第4話 近濃海(ちかつこいうみ) 前編

 娃瑙姫はちょっとだけ後悔していた。

 媚子(びし)ともっと早く打ち解けていればよかった。

 幼馴染みの伊周の妻、媚子は丁寧な口調ながら熱血な性格の女子だった。

 です、ます、をはっきりと発音して言葉の上では距離を感じさせるのに、態度ではぐいぐい距離を縮めてくる。そして、その強引さがあまり不快でない。

 今日は夫の伊周に連れられてではなく、一人で遊びに来たというから会わざるを得なかった。以前に一度だけ会ってはいたが、そのときは二、三言葉を交わしただけだった。

 ほぼ一年ぶりに会った媚子はあまり変わっていなかった。

 にぱっと八重歯を見せて「おねえさま、おひさしゅうございます!」と挨拶をしてきた。

 身に付ける単衣は、表は淡紅(うすべに)、裏は黄のかさね色目、花山吹(はなやまぶき)。若さ溢れる女子の装いだ。

 手を振る代わりのつもりか、顔の真横に色鮮やかに染まる右手を挙げて、魚口(フィッシュマウス)を作ってぱくぱくさせる。

 彼女は娃瑙姫の一つ年下にあたる。娃瑙姫は十四才なので、彼女は現在数えで十三才ということになる。

 一年前に伊周と結婚したわけだから、その当時彼女は十二才であった。

 やや早婚だが、別に珍しいことではない。女性は大体十五、六才くらいには結婚して、二十才くらいまでに一人か二人の子を産む。この時代、それが普通であった。

 十四才の娃瑙姫は、年齢的に結婚まで待ったなしの状態に追い込まれている。親からは結婚の見えない圧力がかけられていた。

 結婚は恋愛結婚が多かった。護霊の三柱のような高家の者ならともかくとして、貴族と言っても政略結婚とか家同士の取り決めとか、そういう理不尽なものはあまりない。

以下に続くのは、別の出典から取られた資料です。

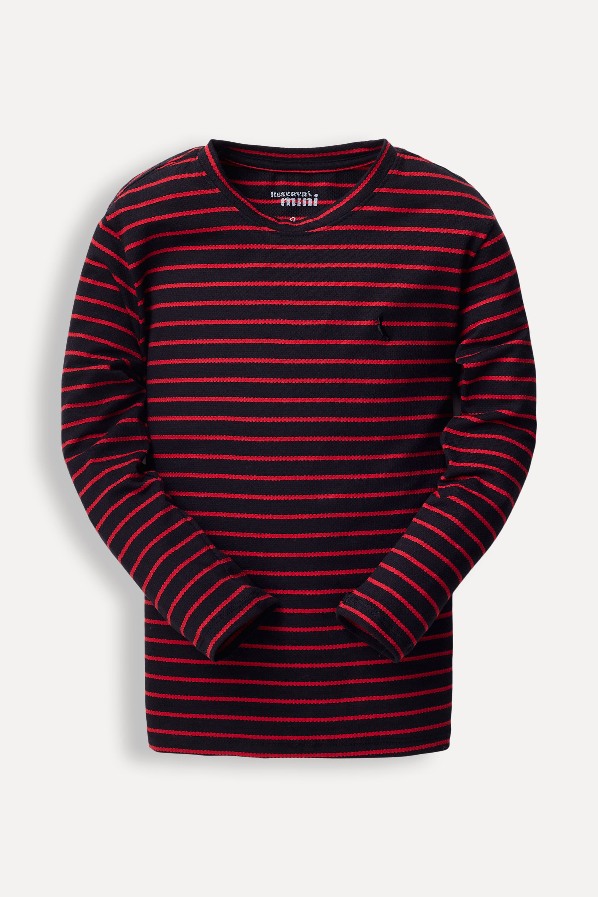 Procurando camiseta pro dia a dia do Mini? Então conheça a Camiseta Mini ML Listra Trabalhada! Feita em algodão de alta qualidade, proporciona muito conforto. Possui manga longa e gola redonda em ribana. Combine com calças e tênis. Comprando esta peça, você viabiliza cinco pratos de comida através do nosso Programa 1P5P. Camiseta produzida eticamente no Brasil.

 男性が恋心を抱いた相手に文を送り、受け入れられれば女性のもとに通い続け、そのあと結婚という手順になる。そして結婚しても同居することはほとんどない。

 多く、通い婚の形態だった。

 余談だが離婚もまた意外と多く、自然消滅という形の別れもあったようだ。宮中に仕える女房たちも、離婚経験者(と言うより結婚経験者?)が多かった。

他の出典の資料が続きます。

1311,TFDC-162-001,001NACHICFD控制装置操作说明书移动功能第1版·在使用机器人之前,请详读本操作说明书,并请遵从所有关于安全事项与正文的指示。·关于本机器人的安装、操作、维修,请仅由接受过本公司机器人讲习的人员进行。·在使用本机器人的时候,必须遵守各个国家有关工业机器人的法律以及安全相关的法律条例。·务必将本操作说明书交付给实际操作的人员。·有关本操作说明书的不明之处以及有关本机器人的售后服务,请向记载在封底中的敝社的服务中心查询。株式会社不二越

 今、目の前で媚子は大きな瞳をきらきらさせて、娃瑙姫の眷属である蛇やとかげたちと遊んでいる。何も語らない彼らに、彼女は挨拶をし、身の上を話している。

 かと思えば急に方向転換し、娃瑙姫に伊周の昔話を聞いてくる。

 結婚して一年になるが、まだ夫について知らないことは多いらしい。あれこれと聞いては逆に夫婦生活のこぼれ話を聞かせてくれた。

 そんな嬉しそうに話す彼女を見ると、胸の中のわだかまりも解ける気がした。


 その媚子との会話のなかで、天爛の都から東に向かったところにある『近濃海(ちかつこいうみ)』と呼ばれる広大な湖の話が持ち上がった。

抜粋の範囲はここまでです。